Maybe you've seen it on a Facebook - a challenge to write ten things you haven't said to ten people (without mentioning their names).

Only... this is a difficult challenge for me since I tend to already be intentional and real in my relationships.  This means means I've probably already said it, even if not everyone wanted to respond to such conversation.

Some people in your life that you really want to work things out with will pretend like they can't hear you; or when you ask someone to take a step forward in the friendship, they may seem to want to keep it surface level; other times you may try to help someone see a blind spot, but they'd rather not see it at all.

So my hurdle isn't in saying it, but in having the people I say it to actually listen.  As a way to offload some of that frustration bottled up, I'm sharing it here and keeping the names anonymous... no need to turn this into a rant of gossip.

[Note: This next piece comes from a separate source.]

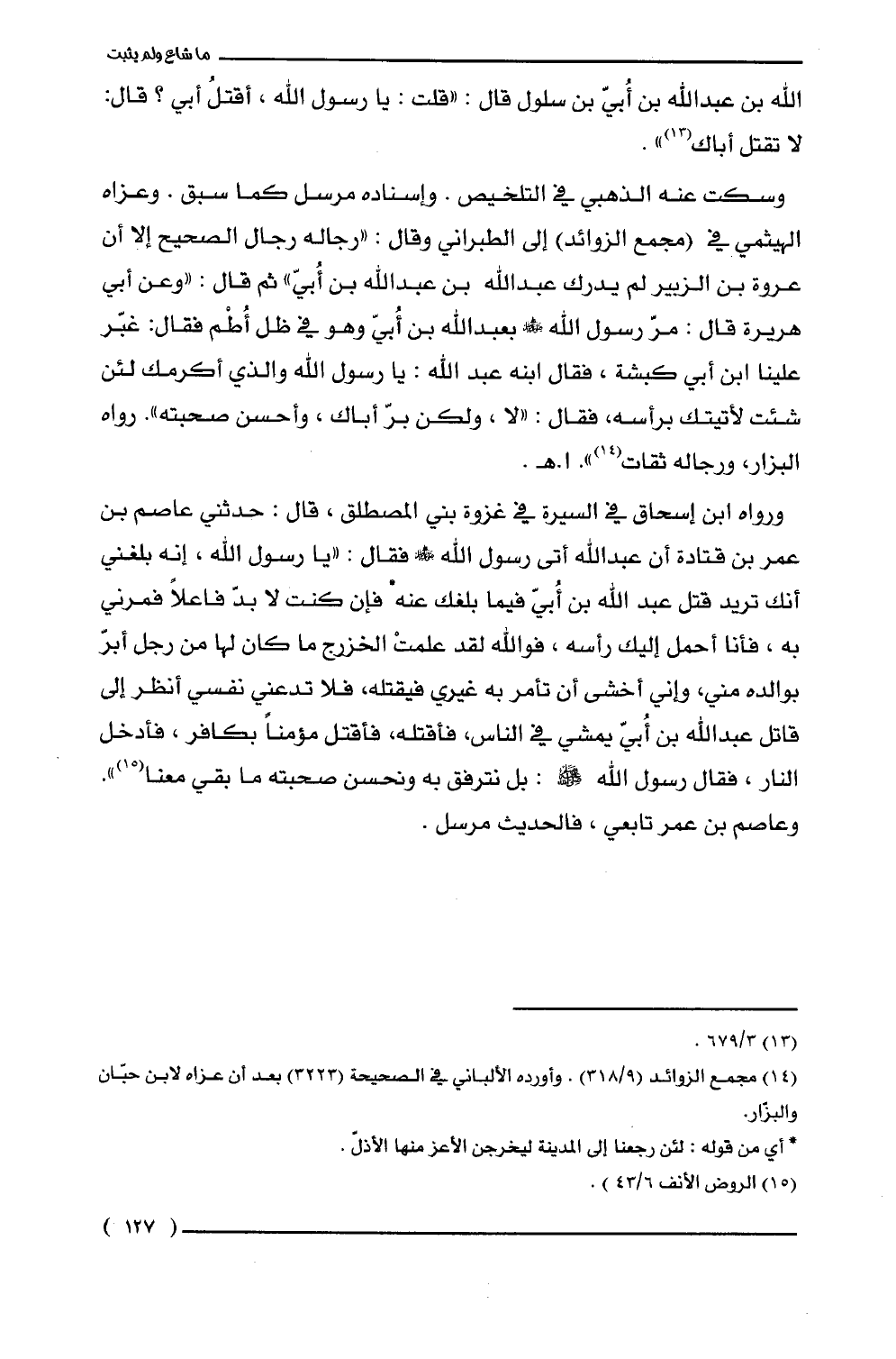 وسكت عنه الذهبي في التلخيص. وإسناده مرسل كما سبق. وعزاه الهيثمي في (مجمع الزوائد) إلى الطبراني وقال: "رجاله رجال الصحيح إلا أن عروة بن الزبير لم يدرك عبد الله بن عبد الله بن أُبيّ" ثم قال: "وعن أبي هريرة قال: مرّ رسول الله - صلى الله عليه وسلم - بعبد الله بن أُبيّ وهو في ظل أُطْم فقال: غبّر علينا ابن أبي كبشة، فقال ابنه عبد الله: يا رسول الله - صلى الله عليه وسلم - والذي أكرمك لئِّن شئت لأتيتك برأسه، فقال: "لا، ولكن برّ أباك، وأحسن صحبته". رواه البزار، ورجاله ثقات (¬14) ". ا. هـ.

But in sharing it I want you to understand a slice of my life that I can't seem to overcome, no matter how productive I attempt to be with others.

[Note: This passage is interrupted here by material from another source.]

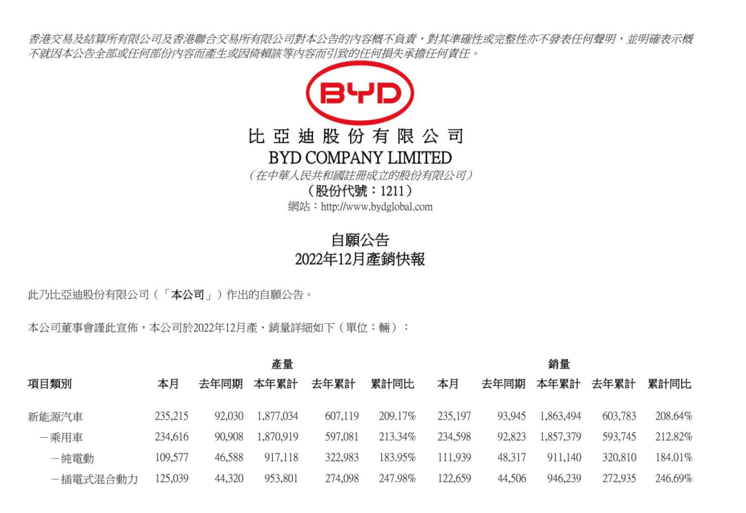 其中,比亚迪股份在港交所公告,2022年12月新能源汽车销量23.52万辆,同比增长150%;全年新能源汽车累计销量186.35万辆,同比增长208.64%。

And by the way... I'm not giving up, even if the people I'm writing to seem to have for now.  While I can't control their response, I can control my initiative. 

Here is my list::
  • "Please... stop hinting. Just say it.  If you need something, say it once in an upfront way instead of 10 times a tenth of the way.  A lot of people around you would respond if you wouldn't dance around your needs or desires but simply and clearly ask."

     
  • "Seriously, what happened? One day we were friends, and then suddenly you stopped returning my phone calls and emails, and are all aloof like nothing changed. Um... I don't get it.  You do remember we did hang out, and now we surprisingly don't, right? I'm okay if you don't want to hang out anymore, but please - show some maturity and have a conversation about it."

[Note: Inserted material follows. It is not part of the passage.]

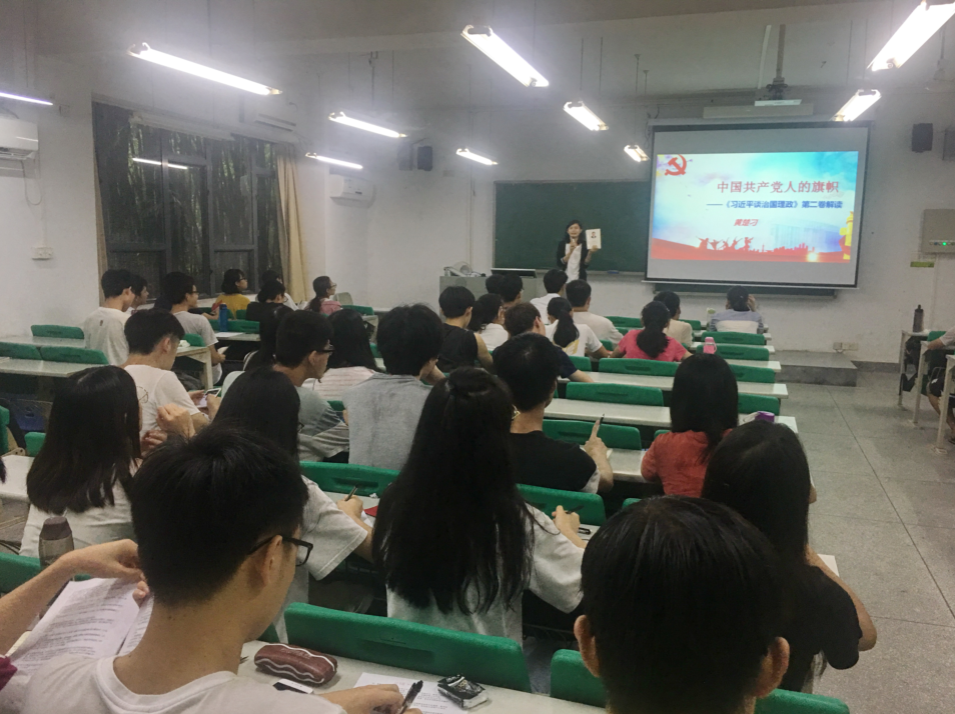 为了加强同学们对习近平新时代中国特色社会主义思想的了解与认识,机械工程公司党总支于2018年6月7日在6E101开展了关于《习近平谈治国理政》第二卷的导读学习会。本次学习会由黄楚刁老师给大家讲解《习近平谈治国理政》第二卷的主体框架及其重要内容。

  • "You have some great thoughts to share with the world, but the way you're doing it is preventing anyone from giving you any credibility.  And instead of seeing that and changing that, you seem to want to just turn up the volume.  I want to help you with this."

     
  • "I can't do this alone.  Please don't assume I can.  It's way too important."

     
  • "I need you to ask me how I'm doing in this area I want to grow in.  Will you do that?"

     
  • "It breaks my heart that you have settled into a life that looks amazing from the outside but is full of gaps on the inside.  You have such a shield up, and while you may lower it at times you never do move it aside.  And you really are missing out on how much larger life is, but the shine of your stuff and household activity keeps you from paying attention."

     
  • "I know what's really going on, and I know you'd like me to pretend that I don't.  So we can either play this game or we can admit that something is going on and start talking about what's next."

     
  • "It's time... time for you to step up... time for you to lead those around you instead of letting them lead you. If you did this, and didn't give up, what would happen out of your life would be nothing short of amazing for everyone.  But in the meantime... it isn't."

     
  • "You know that forgiveness you want when you hurt people on purpose or on accident?  You need to give that, especially to ______________.  I know you don't want to, because you think it's more productive to hold on to your pain.  But if you don't let that pain go it's going to poison you with bitterness and blindness.  Forgiving doesn't mean forgetting - it means that what happened doesn't have to have the final say.  Don't let your pain define you... let it refine you."

     
  • "No. You're wrong."


Admittedly, I kind of laughed writing that last one because it's offensive in our world to say that.  We've gotten so used to everyone having an opinion that words like "right" and "wrong" have become discarded or redefined.  We say, "Let's agree to disagree" instead of "Let's agree to figure out what truly is right and wrong and be sure we both respond to that, even if it's uncomfortable."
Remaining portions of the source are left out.